Using the word "that" as the filter, copy each matching line from the records.

** LISTED ENTRIES follows **

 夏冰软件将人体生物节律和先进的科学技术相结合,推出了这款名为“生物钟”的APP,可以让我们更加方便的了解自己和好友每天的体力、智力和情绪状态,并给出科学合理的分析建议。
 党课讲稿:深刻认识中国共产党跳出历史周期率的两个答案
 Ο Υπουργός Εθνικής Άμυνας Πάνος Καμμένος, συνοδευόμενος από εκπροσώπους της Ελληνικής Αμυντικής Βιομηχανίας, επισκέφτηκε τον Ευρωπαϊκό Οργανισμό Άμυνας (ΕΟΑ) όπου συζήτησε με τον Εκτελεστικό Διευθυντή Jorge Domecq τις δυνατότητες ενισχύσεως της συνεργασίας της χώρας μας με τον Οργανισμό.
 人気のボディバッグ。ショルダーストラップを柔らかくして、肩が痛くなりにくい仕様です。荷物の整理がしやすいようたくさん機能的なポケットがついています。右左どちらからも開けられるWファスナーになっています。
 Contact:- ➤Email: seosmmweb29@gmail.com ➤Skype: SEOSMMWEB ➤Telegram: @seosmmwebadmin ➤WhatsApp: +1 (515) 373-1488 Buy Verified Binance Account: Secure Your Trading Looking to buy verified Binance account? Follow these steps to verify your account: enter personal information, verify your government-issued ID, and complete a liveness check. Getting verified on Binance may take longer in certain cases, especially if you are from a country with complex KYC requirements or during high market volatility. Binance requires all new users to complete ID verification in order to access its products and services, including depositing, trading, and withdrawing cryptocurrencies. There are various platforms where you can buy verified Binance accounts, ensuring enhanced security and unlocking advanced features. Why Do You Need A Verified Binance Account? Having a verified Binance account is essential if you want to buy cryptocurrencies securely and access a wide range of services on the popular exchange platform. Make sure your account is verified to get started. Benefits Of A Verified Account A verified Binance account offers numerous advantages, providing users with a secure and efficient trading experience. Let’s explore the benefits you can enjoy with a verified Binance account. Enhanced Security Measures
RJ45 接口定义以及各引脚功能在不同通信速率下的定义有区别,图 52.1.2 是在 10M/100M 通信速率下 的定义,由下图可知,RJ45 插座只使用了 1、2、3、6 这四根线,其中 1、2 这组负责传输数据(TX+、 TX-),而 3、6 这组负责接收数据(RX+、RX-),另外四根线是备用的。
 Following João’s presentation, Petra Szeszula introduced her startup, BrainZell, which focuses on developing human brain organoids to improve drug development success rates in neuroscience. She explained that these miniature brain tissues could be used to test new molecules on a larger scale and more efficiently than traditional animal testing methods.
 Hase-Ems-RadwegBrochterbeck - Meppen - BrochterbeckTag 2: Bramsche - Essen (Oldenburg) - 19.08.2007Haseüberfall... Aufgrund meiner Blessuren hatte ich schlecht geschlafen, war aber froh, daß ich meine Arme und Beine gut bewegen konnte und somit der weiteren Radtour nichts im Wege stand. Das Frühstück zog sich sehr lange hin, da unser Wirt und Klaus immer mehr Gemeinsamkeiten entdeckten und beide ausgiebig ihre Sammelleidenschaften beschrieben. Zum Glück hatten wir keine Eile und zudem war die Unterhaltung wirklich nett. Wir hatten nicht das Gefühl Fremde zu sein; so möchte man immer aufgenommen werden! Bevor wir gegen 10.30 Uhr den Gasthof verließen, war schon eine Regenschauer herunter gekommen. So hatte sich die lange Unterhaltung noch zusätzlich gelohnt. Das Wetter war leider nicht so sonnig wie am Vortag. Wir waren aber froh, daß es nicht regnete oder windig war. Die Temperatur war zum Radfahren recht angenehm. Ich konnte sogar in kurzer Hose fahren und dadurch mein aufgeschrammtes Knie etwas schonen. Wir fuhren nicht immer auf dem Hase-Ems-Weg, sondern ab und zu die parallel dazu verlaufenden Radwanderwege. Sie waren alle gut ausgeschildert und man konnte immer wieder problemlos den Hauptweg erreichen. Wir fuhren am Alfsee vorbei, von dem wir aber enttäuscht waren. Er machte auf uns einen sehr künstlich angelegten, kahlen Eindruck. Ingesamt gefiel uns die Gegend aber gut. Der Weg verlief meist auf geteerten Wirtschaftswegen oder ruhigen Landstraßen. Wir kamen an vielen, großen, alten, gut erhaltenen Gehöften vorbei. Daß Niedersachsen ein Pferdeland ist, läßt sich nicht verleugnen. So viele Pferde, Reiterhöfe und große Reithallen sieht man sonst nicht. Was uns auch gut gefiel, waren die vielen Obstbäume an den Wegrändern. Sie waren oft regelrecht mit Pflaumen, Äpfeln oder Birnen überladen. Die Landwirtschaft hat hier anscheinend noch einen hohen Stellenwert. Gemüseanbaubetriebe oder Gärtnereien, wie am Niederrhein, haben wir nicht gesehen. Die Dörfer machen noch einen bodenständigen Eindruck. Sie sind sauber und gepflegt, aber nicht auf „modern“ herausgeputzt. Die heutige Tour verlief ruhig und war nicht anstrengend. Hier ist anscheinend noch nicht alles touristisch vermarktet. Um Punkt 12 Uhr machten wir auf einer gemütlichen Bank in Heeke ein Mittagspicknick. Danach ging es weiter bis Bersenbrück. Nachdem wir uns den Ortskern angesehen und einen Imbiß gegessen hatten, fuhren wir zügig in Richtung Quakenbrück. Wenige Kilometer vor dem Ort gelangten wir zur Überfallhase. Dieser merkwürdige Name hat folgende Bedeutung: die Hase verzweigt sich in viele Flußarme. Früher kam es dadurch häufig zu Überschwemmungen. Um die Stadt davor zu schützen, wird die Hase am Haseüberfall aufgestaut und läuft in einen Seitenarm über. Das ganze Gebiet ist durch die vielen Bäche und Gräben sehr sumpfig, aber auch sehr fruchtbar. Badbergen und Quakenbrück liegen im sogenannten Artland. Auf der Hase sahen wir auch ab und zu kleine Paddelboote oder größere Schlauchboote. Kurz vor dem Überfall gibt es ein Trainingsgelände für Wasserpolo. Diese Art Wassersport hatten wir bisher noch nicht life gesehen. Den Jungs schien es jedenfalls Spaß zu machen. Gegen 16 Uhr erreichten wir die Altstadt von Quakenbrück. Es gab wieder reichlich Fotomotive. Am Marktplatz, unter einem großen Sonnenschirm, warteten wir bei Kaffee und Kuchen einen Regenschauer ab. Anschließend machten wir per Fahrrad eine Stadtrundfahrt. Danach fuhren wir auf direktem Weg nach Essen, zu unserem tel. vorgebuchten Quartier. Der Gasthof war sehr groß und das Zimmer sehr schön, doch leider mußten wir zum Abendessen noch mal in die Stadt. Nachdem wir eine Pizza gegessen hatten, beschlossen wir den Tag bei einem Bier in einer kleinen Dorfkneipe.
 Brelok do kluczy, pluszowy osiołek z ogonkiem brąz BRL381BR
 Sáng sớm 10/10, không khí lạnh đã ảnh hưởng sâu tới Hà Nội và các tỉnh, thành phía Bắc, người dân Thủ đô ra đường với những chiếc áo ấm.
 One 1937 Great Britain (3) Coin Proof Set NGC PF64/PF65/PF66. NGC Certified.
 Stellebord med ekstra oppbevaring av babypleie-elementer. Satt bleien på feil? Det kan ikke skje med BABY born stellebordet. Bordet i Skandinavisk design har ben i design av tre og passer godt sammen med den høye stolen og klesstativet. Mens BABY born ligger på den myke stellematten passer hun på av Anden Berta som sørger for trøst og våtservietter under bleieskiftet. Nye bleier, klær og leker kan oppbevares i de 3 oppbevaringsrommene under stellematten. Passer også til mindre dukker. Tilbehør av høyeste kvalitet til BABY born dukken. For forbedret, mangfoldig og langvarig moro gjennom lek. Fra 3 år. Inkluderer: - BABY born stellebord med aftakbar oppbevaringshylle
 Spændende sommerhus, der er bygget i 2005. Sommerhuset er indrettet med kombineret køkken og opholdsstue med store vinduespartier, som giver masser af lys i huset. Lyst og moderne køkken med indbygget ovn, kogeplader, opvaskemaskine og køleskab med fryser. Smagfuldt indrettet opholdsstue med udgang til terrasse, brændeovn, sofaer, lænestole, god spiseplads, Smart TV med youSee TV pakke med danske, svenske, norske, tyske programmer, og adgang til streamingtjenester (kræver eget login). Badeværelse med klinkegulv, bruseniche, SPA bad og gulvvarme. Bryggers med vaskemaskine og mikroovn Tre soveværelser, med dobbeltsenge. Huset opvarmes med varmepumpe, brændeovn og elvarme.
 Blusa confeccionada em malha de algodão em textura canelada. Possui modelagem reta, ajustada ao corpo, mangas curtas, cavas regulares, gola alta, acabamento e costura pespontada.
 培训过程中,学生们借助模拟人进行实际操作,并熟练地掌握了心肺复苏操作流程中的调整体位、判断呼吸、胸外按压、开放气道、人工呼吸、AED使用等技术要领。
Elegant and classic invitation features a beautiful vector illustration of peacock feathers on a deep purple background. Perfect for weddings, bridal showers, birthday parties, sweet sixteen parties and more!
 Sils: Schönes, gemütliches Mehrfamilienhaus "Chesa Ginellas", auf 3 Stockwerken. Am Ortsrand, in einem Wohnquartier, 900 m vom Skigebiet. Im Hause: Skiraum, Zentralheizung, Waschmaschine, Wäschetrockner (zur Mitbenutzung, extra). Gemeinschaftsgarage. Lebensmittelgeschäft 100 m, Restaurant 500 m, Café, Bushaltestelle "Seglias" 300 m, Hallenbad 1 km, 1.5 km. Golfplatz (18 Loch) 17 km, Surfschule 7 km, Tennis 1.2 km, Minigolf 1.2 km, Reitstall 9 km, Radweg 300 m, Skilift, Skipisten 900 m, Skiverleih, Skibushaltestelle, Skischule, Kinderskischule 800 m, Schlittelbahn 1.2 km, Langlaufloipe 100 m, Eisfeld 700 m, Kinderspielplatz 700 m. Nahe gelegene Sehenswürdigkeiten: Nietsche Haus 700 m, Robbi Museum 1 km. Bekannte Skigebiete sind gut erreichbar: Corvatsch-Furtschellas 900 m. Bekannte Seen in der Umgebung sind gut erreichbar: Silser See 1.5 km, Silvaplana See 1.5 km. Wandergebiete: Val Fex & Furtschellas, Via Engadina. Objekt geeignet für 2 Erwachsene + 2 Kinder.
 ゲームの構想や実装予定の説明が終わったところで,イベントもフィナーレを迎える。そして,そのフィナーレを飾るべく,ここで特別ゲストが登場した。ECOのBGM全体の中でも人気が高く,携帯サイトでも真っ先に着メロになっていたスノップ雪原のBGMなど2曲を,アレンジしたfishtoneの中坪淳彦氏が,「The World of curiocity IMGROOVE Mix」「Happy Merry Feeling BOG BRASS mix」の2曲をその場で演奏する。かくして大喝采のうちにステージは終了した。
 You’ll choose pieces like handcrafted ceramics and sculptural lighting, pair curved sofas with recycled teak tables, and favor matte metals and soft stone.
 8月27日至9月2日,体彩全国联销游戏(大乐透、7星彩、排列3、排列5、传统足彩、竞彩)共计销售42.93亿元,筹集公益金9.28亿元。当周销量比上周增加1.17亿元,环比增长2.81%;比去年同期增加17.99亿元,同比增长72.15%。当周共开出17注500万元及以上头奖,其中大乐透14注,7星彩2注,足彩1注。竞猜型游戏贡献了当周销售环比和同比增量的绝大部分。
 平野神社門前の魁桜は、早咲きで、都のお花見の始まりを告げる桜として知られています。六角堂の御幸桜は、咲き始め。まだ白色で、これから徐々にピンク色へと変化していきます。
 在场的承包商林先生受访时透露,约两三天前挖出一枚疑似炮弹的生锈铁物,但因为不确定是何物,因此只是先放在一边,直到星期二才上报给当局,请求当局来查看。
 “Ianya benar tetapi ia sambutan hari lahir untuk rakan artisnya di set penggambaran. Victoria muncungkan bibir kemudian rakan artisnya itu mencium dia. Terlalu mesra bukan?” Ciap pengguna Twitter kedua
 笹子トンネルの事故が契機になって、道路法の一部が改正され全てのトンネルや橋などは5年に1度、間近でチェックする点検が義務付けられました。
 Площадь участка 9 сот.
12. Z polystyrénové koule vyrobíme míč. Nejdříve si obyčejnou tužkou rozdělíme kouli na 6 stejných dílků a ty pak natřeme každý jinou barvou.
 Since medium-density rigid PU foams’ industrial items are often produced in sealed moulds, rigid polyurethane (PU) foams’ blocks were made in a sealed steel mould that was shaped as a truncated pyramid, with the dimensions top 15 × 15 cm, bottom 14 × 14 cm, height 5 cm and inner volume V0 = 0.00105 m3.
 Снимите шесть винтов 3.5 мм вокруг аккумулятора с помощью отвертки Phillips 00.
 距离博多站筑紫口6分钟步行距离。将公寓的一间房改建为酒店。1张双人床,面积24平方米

** End of LISTED ENTRIES **

**FINISHED TASK:**
 Following João’s presentation, Petra Szeszula introduced her startup, BrainZell, which focuses on developing human brain organoids to improve drug development success rates in neuroscience. She explained that these miniature brain tissues could be used to test new molecules on a larger scale and more efficiently than traditional animal testing methods.
 Since medium-density rigid PU foams’ industrial items are often produced in sealed moulds, rigid polyurethane (PU) foams’ blocks were made in a sealed steel mould that was shaped as a truncated pyramid, with the dimensions top 15 × 15 cm, bottom 14 × 14 cm, height 5 cm and inner volume V0 = 0.00105 m3.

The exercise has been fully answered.